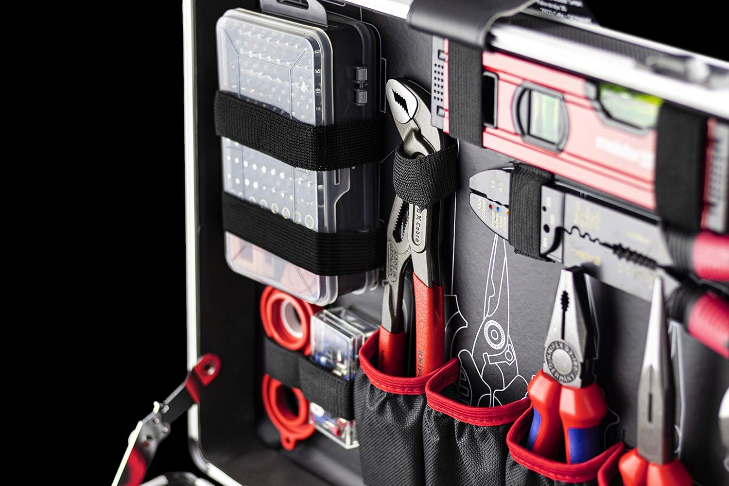 1 x області насоса Knipex 250 мм · 1 x плоскі щіпки knipex · 1 x Knipex knipex · 1 x плоскогубці з боку knipex · 1 x затискачі плоскогубці · 1 x набір 40-частинних наконечників кабелю.
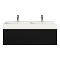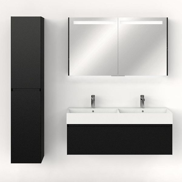 Greeploos badkamermeubel in de kleur zwart mat is 120 cm breed.  De wastafel is vervaardig in keramiek en heeft de kleur wit mat keramiek. Dit badkamermeubel met deze wastafel is leverbaar tussen de 60 cm t/m 160 cm
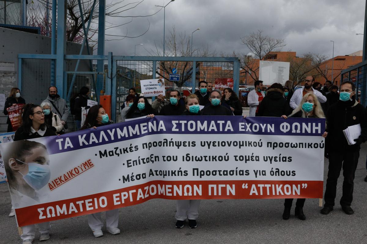 Ακολουθούν στιγμιότυπα της κινητοποίησης σήμερα το πρωί στην πύλη του νοσοκομείου αναφοράς για κορωνοϊό Αττικόν.
---*---
Exercise goal ::
Leave out the pictures and print every line of the data exactly.

Exercise output ::
 1 x області насоса Knipex 250 мм · 1 x плоскі щіпки knipex · 1 x Knipex knipex · 1 x плоскогубці з боку knipex · 1 x затискачі плоскогубці · 1 x набір 40-частинних наконечників кабелю.
 Greeploos badkamermeubel in de kleur zwart mat is 120 cm breed.  De wastafel is vervaardig in keramiek en heeft de kleur wit mat keramiek. Dit badkamermeubel met deze wastafel is leverbaar tussen de 60 cm t/m 160 cm
 Ακολουθούν στιγμιότυπα της κινητοποίησης σήμερα το πρωί στην πύλη του νοσοκομείου αναφοράς για κορωνοϊό Αττικόν.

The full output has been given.